A Phylogenetic tree used in the selection tests based on Jarvis et al. 2014 and Pan et al. 2019 (refer to the original phylogenetic trees for nodes support). The Emperor and the King penguin are highlighted in blue and yellow, respectively. Note that branch length is not to scale. B Comparison between Emperor and King penguins for genes with FDR > 0.05 in each of the tests performed; bm: branch model; bsm: branch-site model; ωi: ω in the target species; ωb: background ω; For sake of completeness, we also show the genes putatively under selection according to RELAX (with K > 1). Inset. Venn diagram showing the overlap among CODEML (bm), aBSREL, and RELAX (K > 1). Note that the total number of genes is different between the Emperor and the King penguins and the size of the circles scales to the maximum in each of the two graphs. The overlap between CODEML (bm) or/and aBSREL with RELAX (K < 1) is 3, 1, and 1 gene, respectively (not shown).

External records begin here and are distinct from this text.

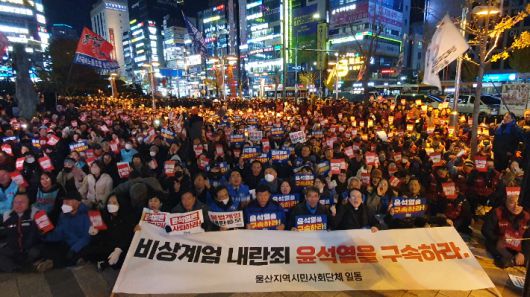 또 윤석열 퇴진 울산운동본부는 지난 4일부터 남구 삼산동 롯데백화점 앞 광장에서 윤 대통령의 체포와 구속을 촉구하는 울산시민대회를 진행하고 있다.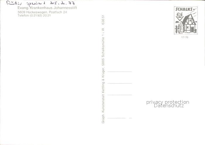 71939953 Hueckeswagen Ev Krankenhaus Johannesstift postalisch nicht gelaufen Erhaltung siehe scans KatCode: 11110005374016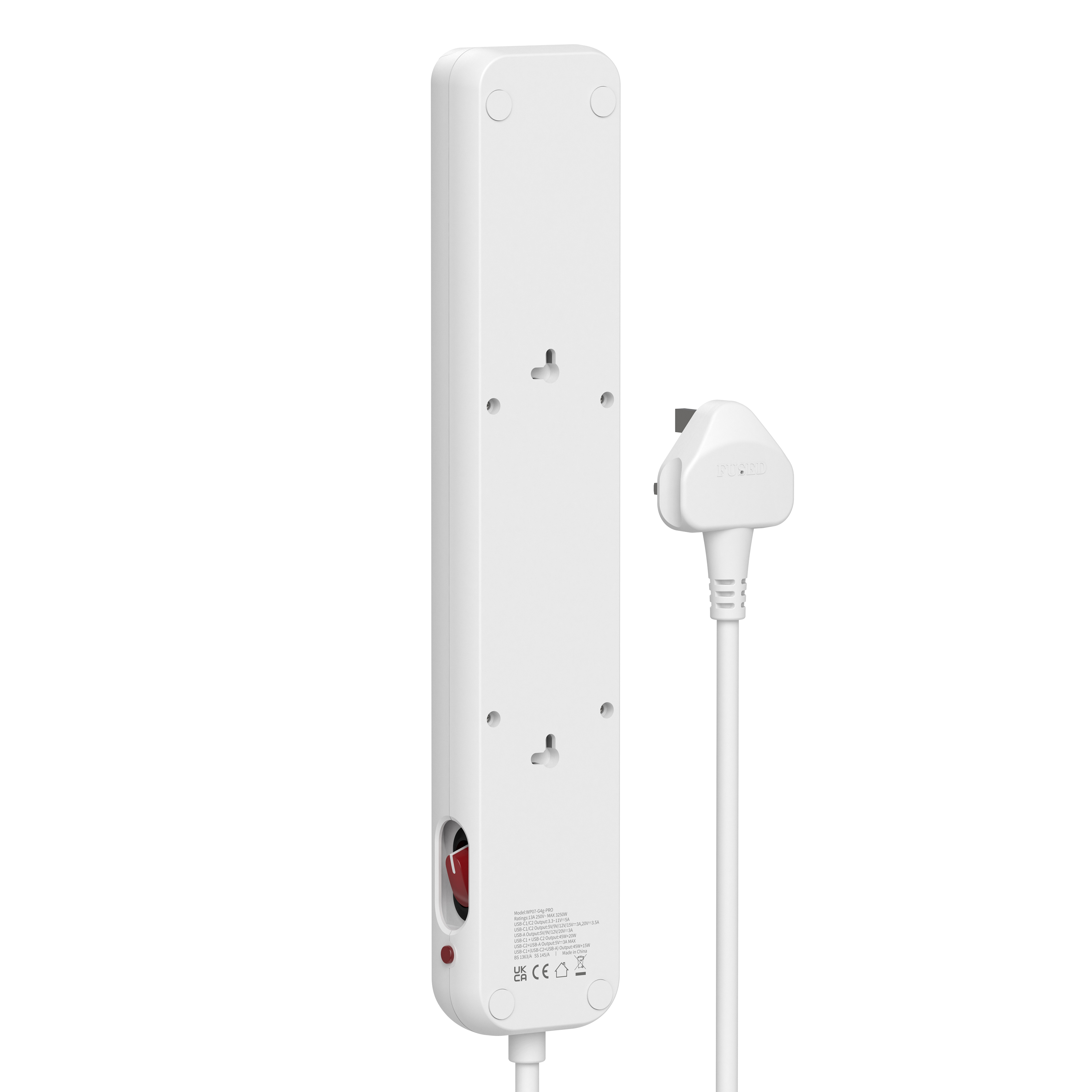30W PD Fast Charging UK Power Strip (4AC+1USB-C+2USB-A)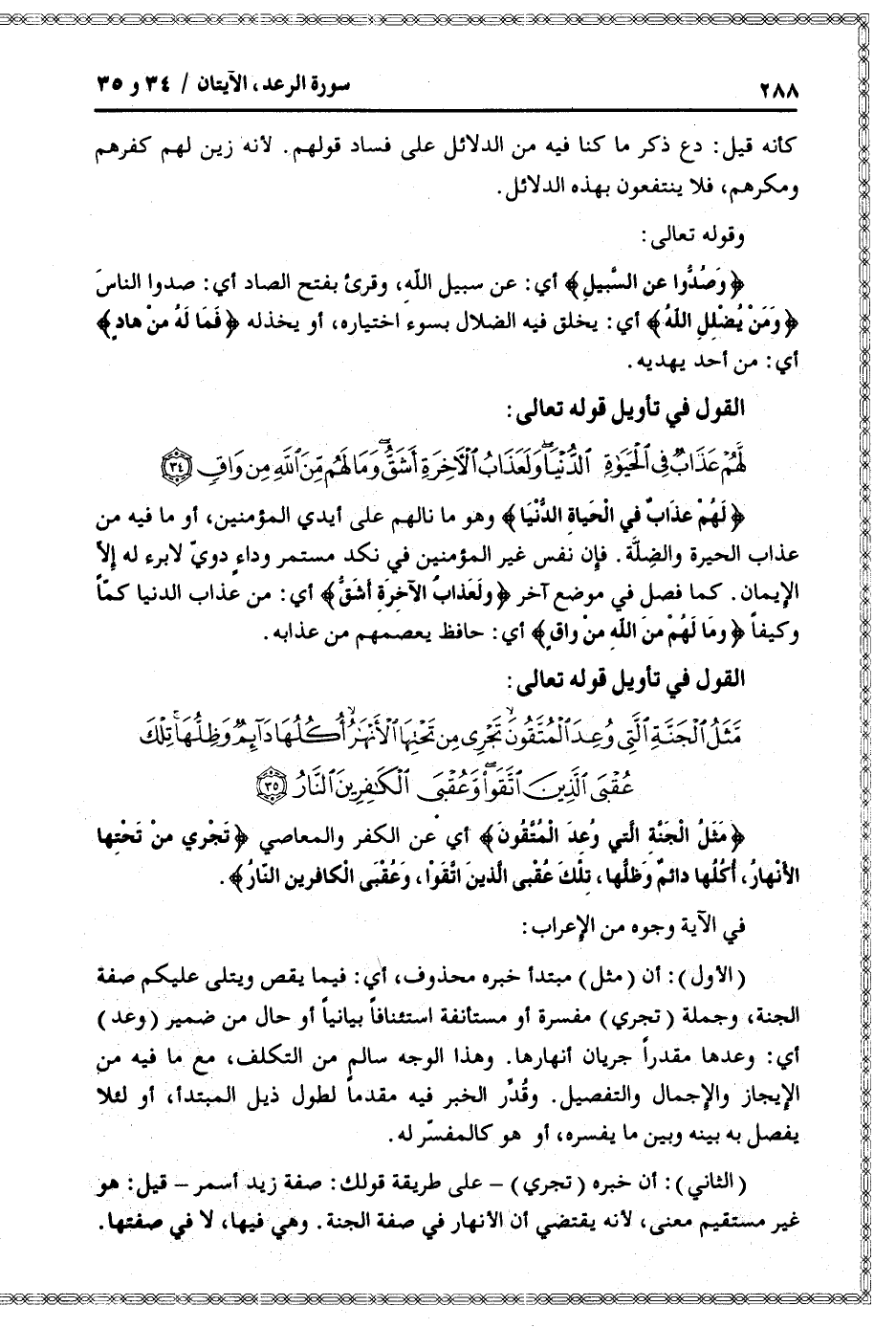 القول في تأويل قوله تعالى: [سورة الرعد (13) : آية 35]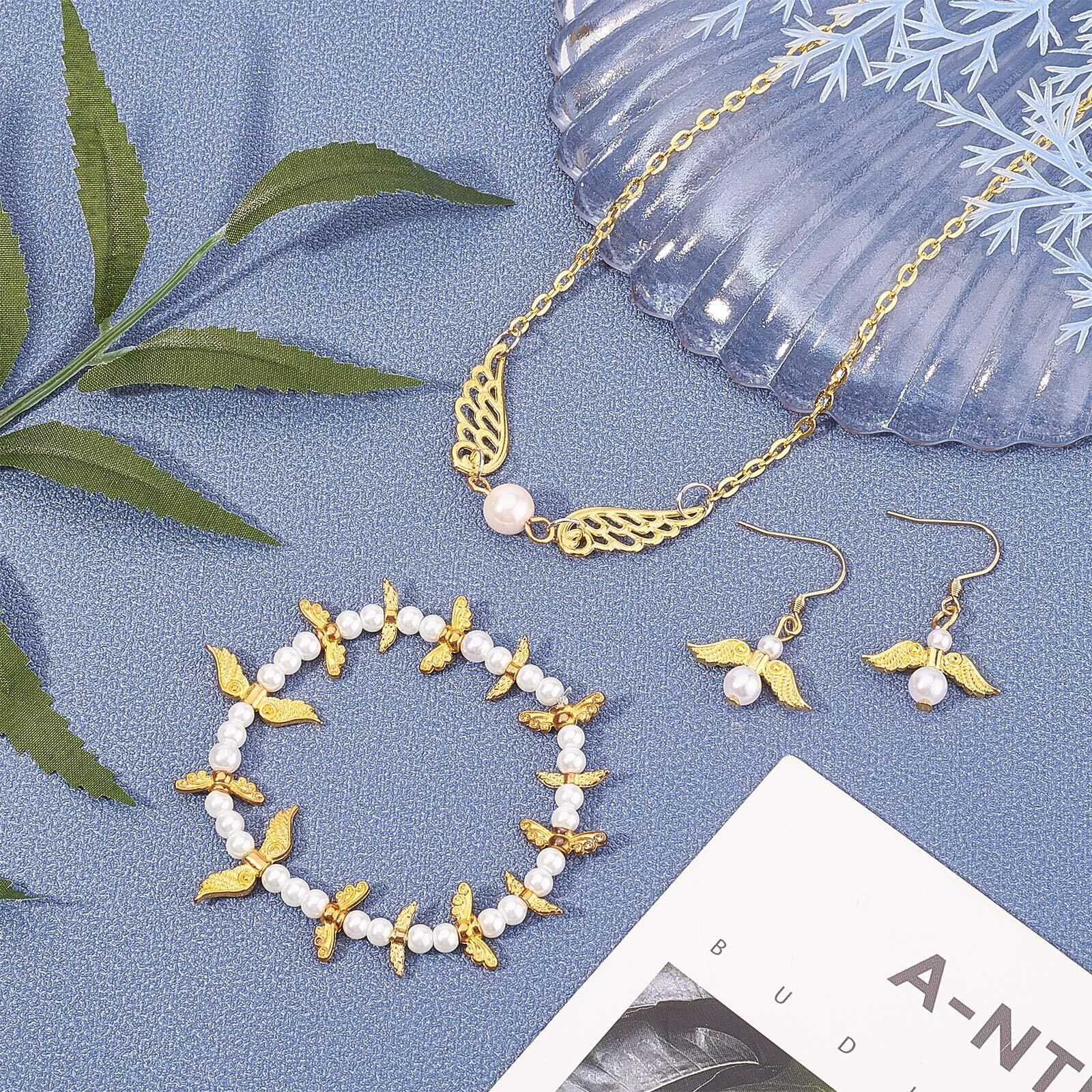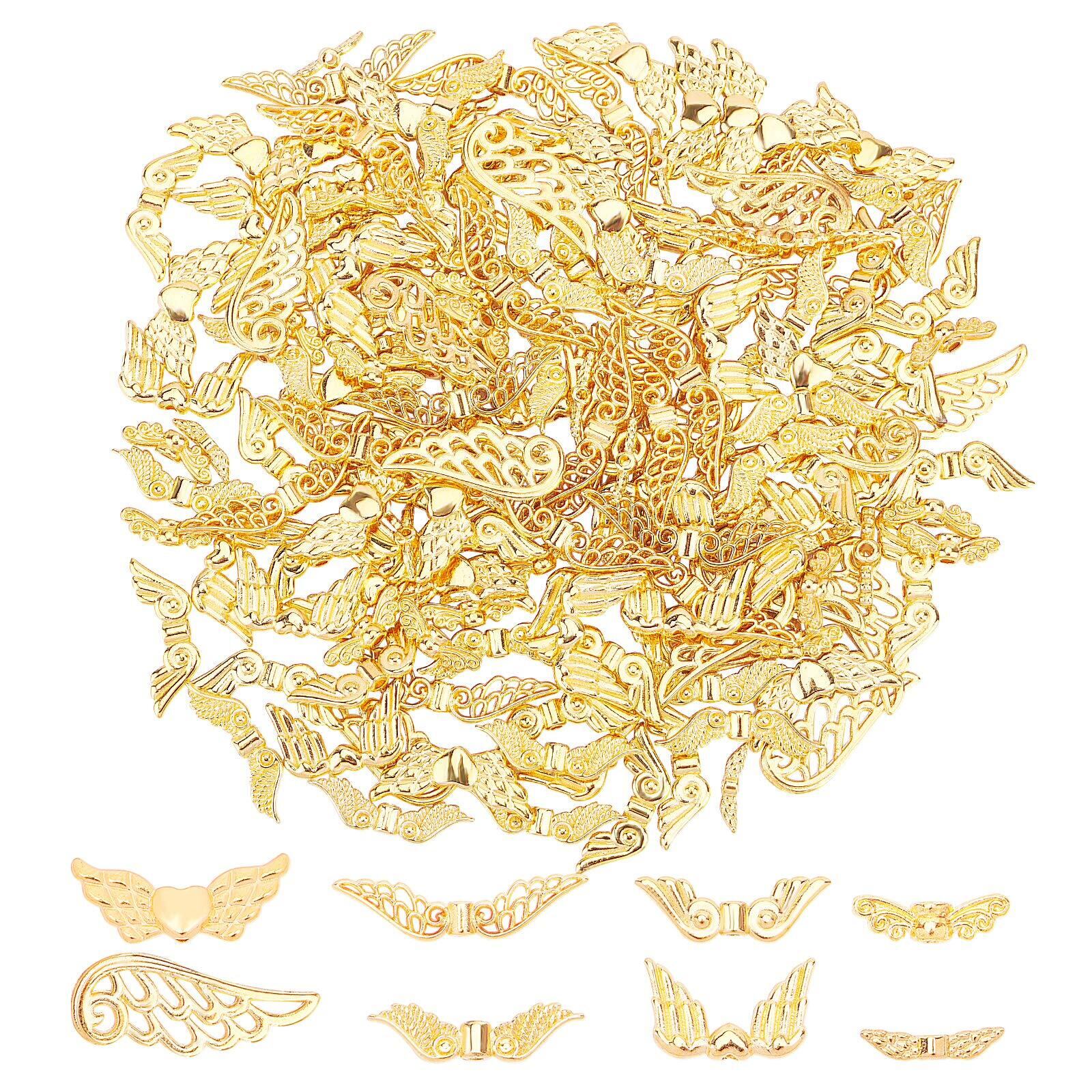 選べる8種のビーズ: パッケージには、8種類の160個の天使の羽の形の金属スペーサービーズが含まれています。各スタイルは20個で、DIYクラフトプロジェクトのさまざまなニーズを満たすことができます。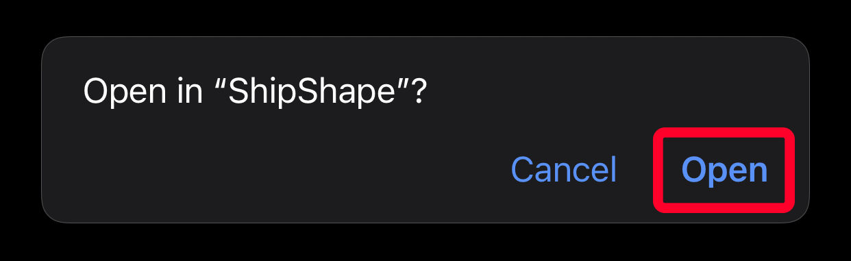 A pop up may appear asking you if you'd like to follow the link into the Shipshape app. Tap "Open" to automatically switch over to the correct app screen to continue the process.

We then used a branch-site model to test for sites under selection in the candidate genes from the previous test. The parameters for the null model were set as “model = 2, NSsites = 2, fix_omega = 1”, while the parameters for the alternative model were set as “model = 2, NSsites = 2, fix_omega = 0”. LRT and FDR were computed as for the branch model tests. To control for misalignments that could have biassed the results, we visually checked the sequence alignment of all candidate genes under selection using MEGA7 (Kumar et al. 2016).

We also applied aBSREL (adaptive Branch-Site Random Effects Likelihood) from the HyPhy package to our set of orthologous coding sequences. Jointly modelling site-level and branch-level ω heterogeneity, aBSREL tests for a branch of interest in the phylogeny if a proportion of sites evolved under positive selection, without testing for selection at specific sites. (Smith et al. 2015; Pond et al. 2005). In contrast to the branch-site test in CODEML, which assumes 4 ω rate classes for each branch and assigns each site to one of these classes, the aBSREL test uses AICc (Akaike Information Criterion with correction for small sample size) to infer the optimal number of ω rate categories per branch, not making the assumption that all branches exhibit the same degree of substitution rate heterogeneity (Smith et al. 2015). Although we expect a broad overlap between CODEML and aBSREL results, a higher sensitivity should characterise the latter approach (Smith et al. 2015). Signatures of positive selection were searched by setting a priori the King and the Emperor penguin lineages as test branches in the phylogeny. LRT was performed by comparing the full model to a null model where branches were not allowed to have rate classes of ω > 1. A Benjamini-Hochberg correction was used to control the probability of making false discoveries and only tests with adjusted p-values < 0.05 were considered significant.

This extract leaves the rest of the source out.